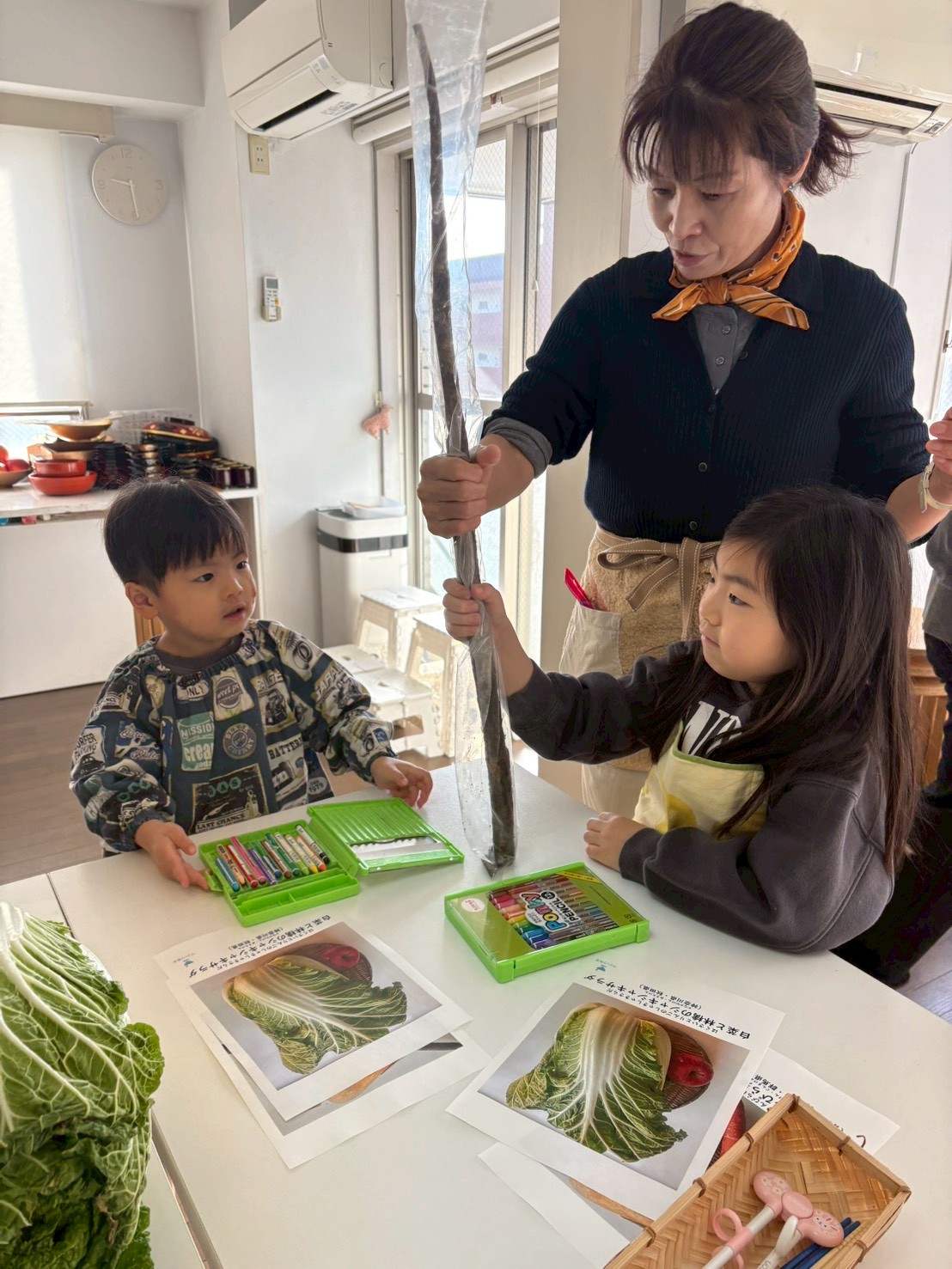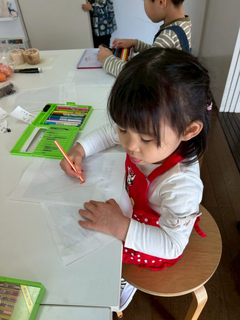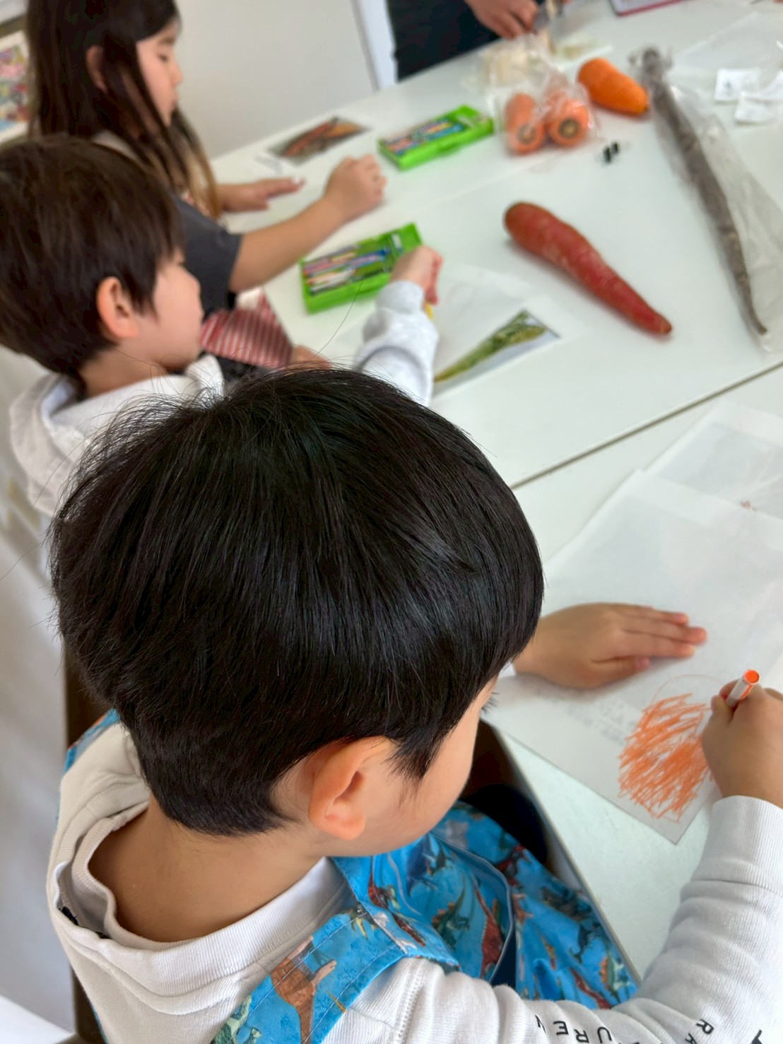 まずは、大きなお野菜をスケッチするところからスタート。細長くてごつごつしたごぼう、普段よく見るオレンジ色とは違う、鮮やかな金時にんじん。形や色をよく見てスケッチできていました。
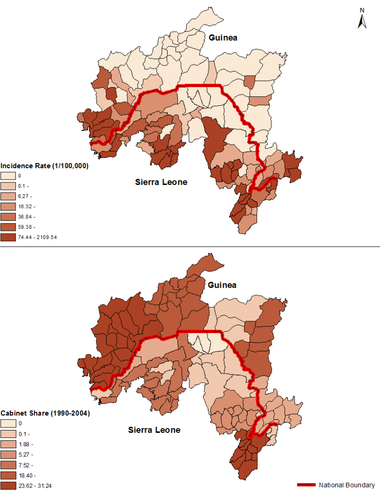 Figure 2: Power Distribution and Ebola Incidence Rates in Guinea and Sierra Leone. The maps here are based on the second level administrative units (District or Prefecture) along the border between Guinea and Sierra Leone. The main unit of analysis, however, was the third level administrative units (Chiefdom or Subprefecture) to capture more granularity. The map on the top shows the spatial distribution of the number of Ebola cases per 100,000 in each subdistrict. The map on the bottom shows the spatial distribution of ministerial positions held between 1990 and 2004 by the subdistrict’s dominant ethnic group. Data on Ebola come from Fang et al. 2016 and the WHO local office in Guinea. Data on cabinet positions held by ethnic groups come from Francois et al. 2015.
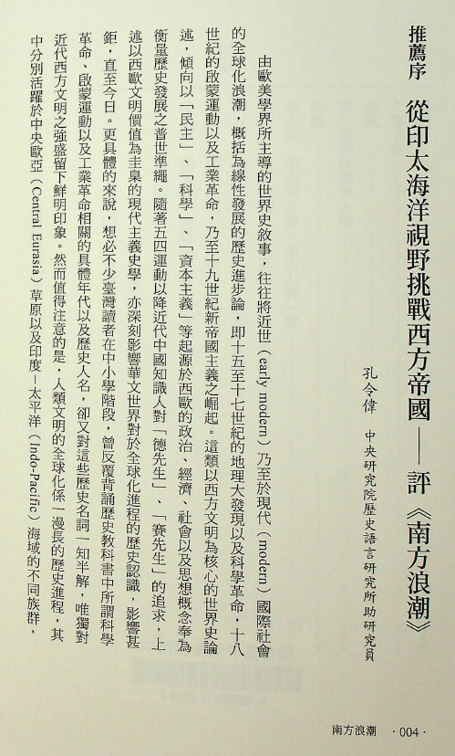 孔令偉,2022年,〈從印太海洋視野挑戰西方帝國——評《南方浪潮》〉推薦序,收入Sujit Sivasundaram 著、葉品岑譯,《南方浪潮》(臺北:時報出版社),頁4–9。
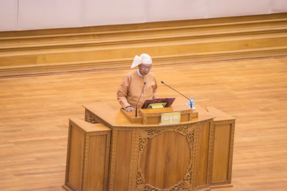 Dear speaker, MPs, distinguished guests and citizens, I want to say that I am very glad that I was selected as president by the Union Parliament [and it] is a very historic event. As I became president, I need to be responsible for the Union Parliament, second parliament and the cabinet, which is a result from the 2015 November Election, formed by the NLD which is led by Aung San Suu Kyi. This government will work to have a constitution which prioritizes peace, to have a democratic federal state and national reconciliation and will work to have better living standards.
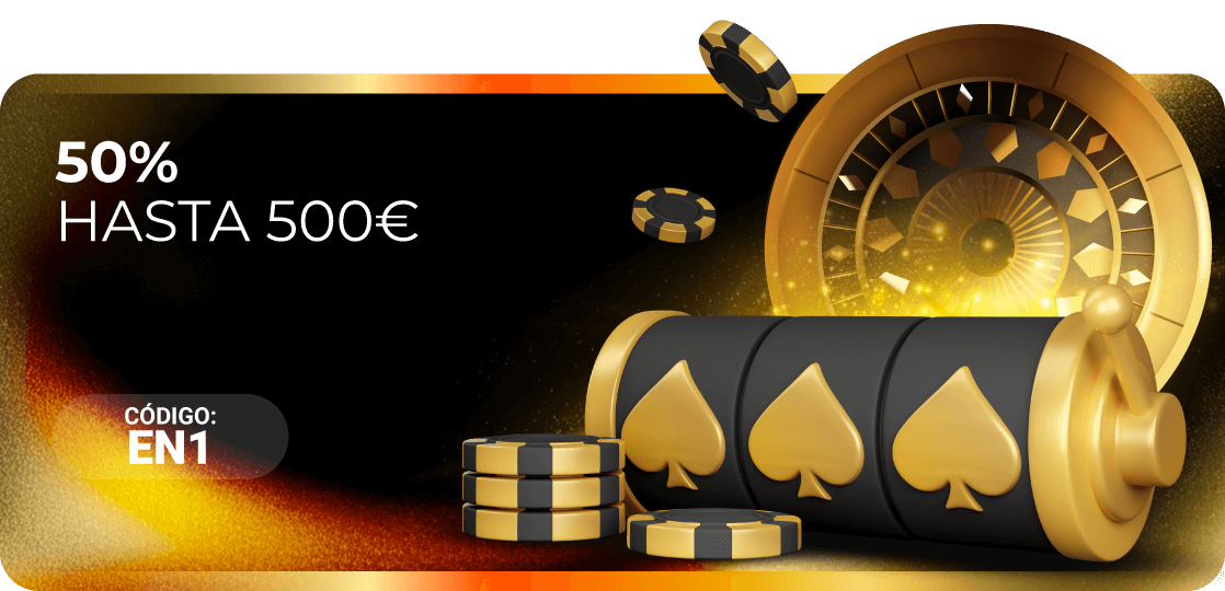 Haz un depósito de 50€ o más con el código EN1 y recibe un 50% EXTRA en el mismo, ¡podrás conseguir hasta 500€ en Bono Casino!
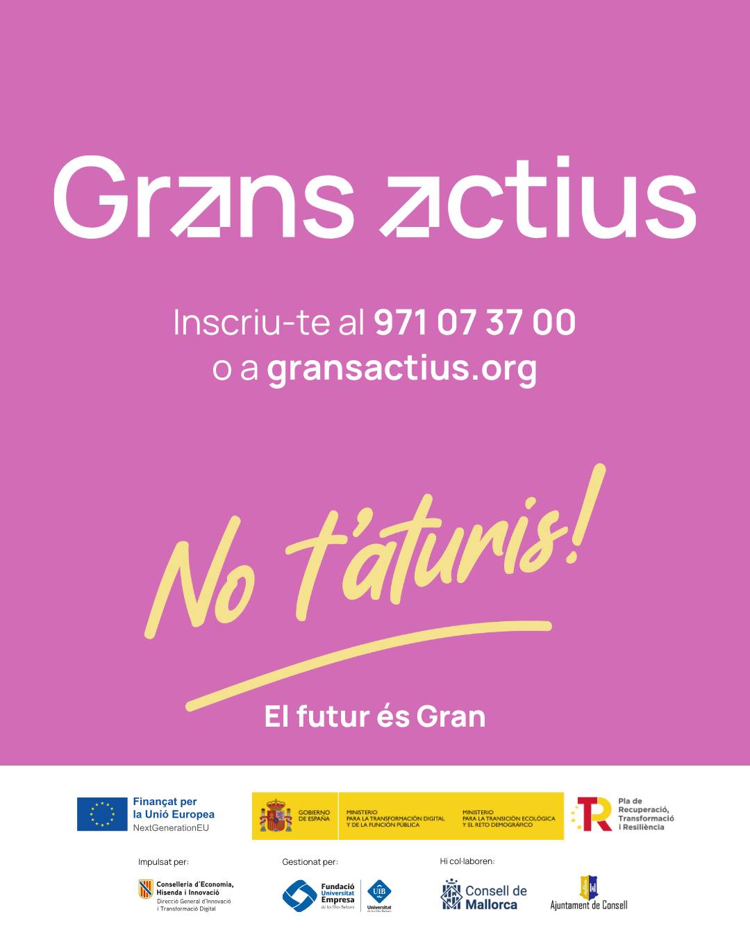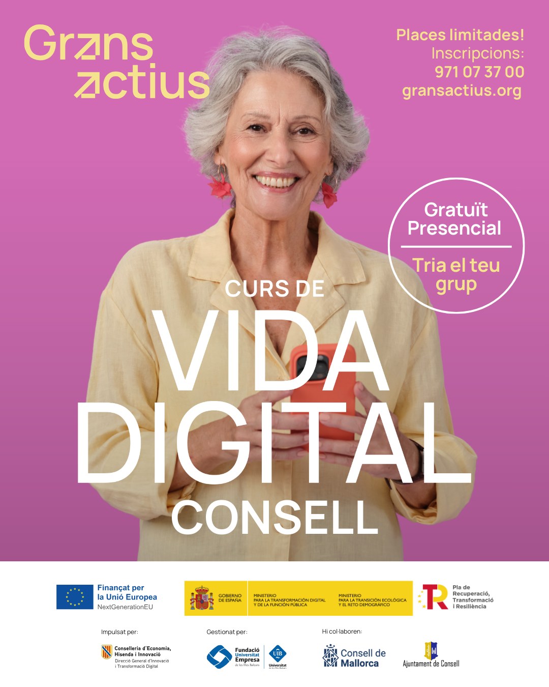 A partir del 22 de setembre, Consell serà un dels municipis que acollirà el programa Grans Actius amb el Curs de Vida Digital, una formació totalment gratuïta adreçada a persones majors de 55 anys per a reduir la bretxa digital i fomentar la seva participació en el món digital.
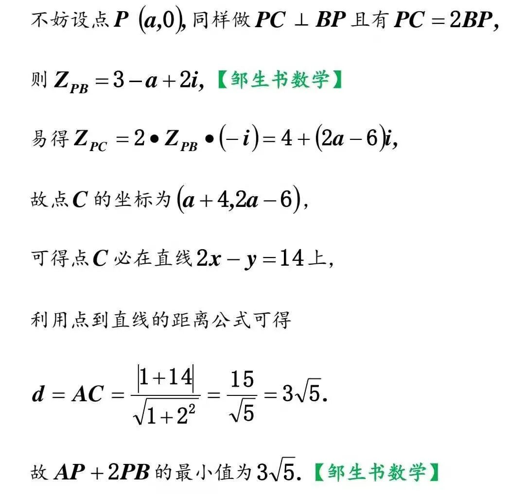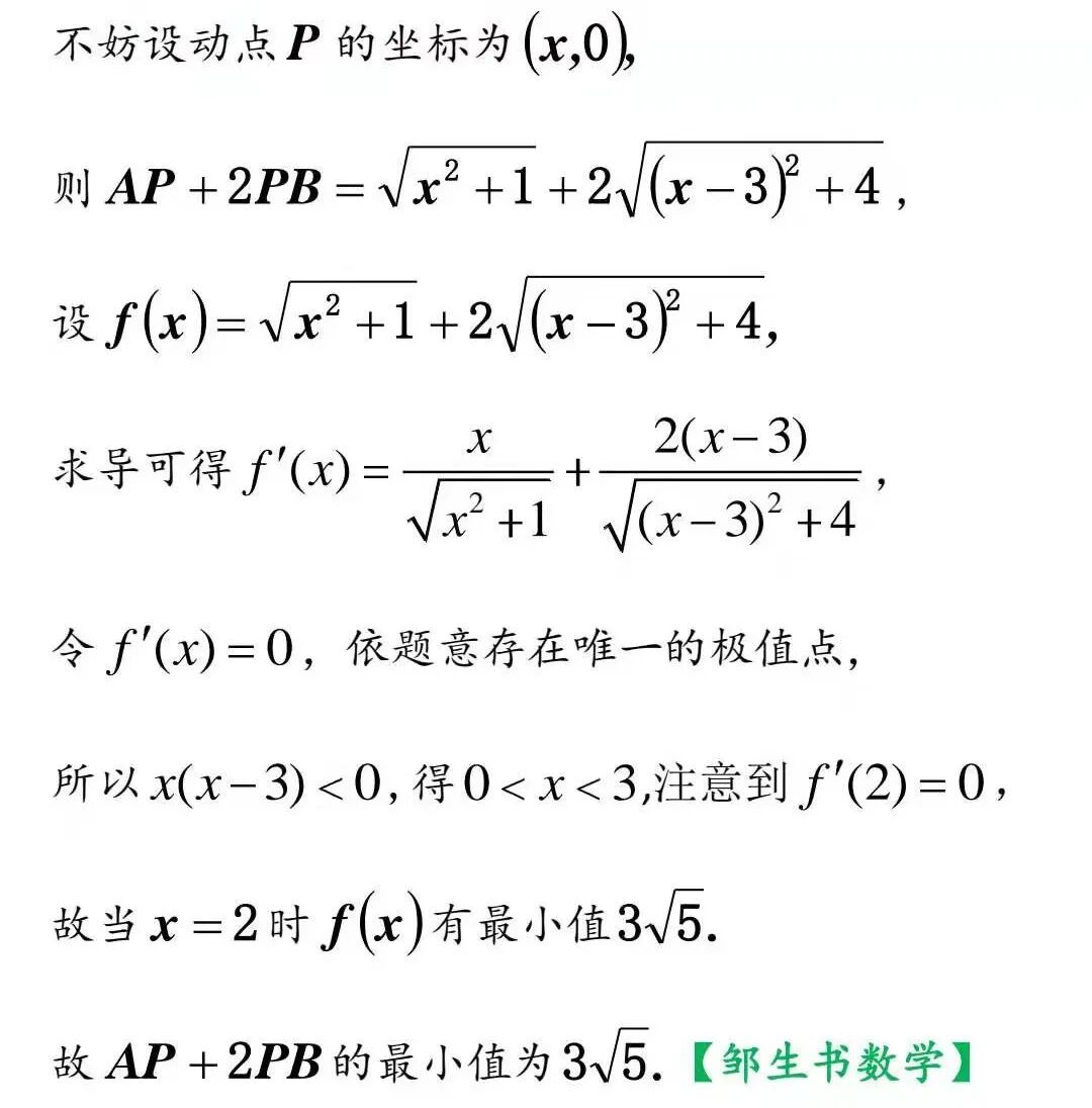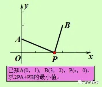 解析:这类PA+kPB结构的式子,就是所谓的加权的将军饮马问题,之前的解法普遍是以解方程为主流的解法,当其中一个点的坐标一换的时候,很容易对应的方程很难得到比较好的解,所以一般只给学生做情况比较简单的情况。

-- -- --

§ **TASK TO COMPLETE**
Everything from the line with "A partir del" through the last line above should be reproduced exactly, both ends included; pictures must be omitted.

§ **SOLUTION TO THIS PROBLEM**
 A partir del 22 de setembre, Consell serà un dels municipis que acollirà el programa Grans Actius amb el Curs de Vida Digital, una formació totalment gratuïta adreçada a persones majors de 55 anys per a reduir la bretxa digital i fomentar la seva participació en el món digital.
 解析:这类PA+kPB结构的式子,就是所谓的加权的将军饮马问题,之前的解法普遍是以解方程为主流的解法,当其中一个点的坐标一换的时候,很容易对应的方程很难得到比较好的解,所以一般只给学生做情况比较简单的情况。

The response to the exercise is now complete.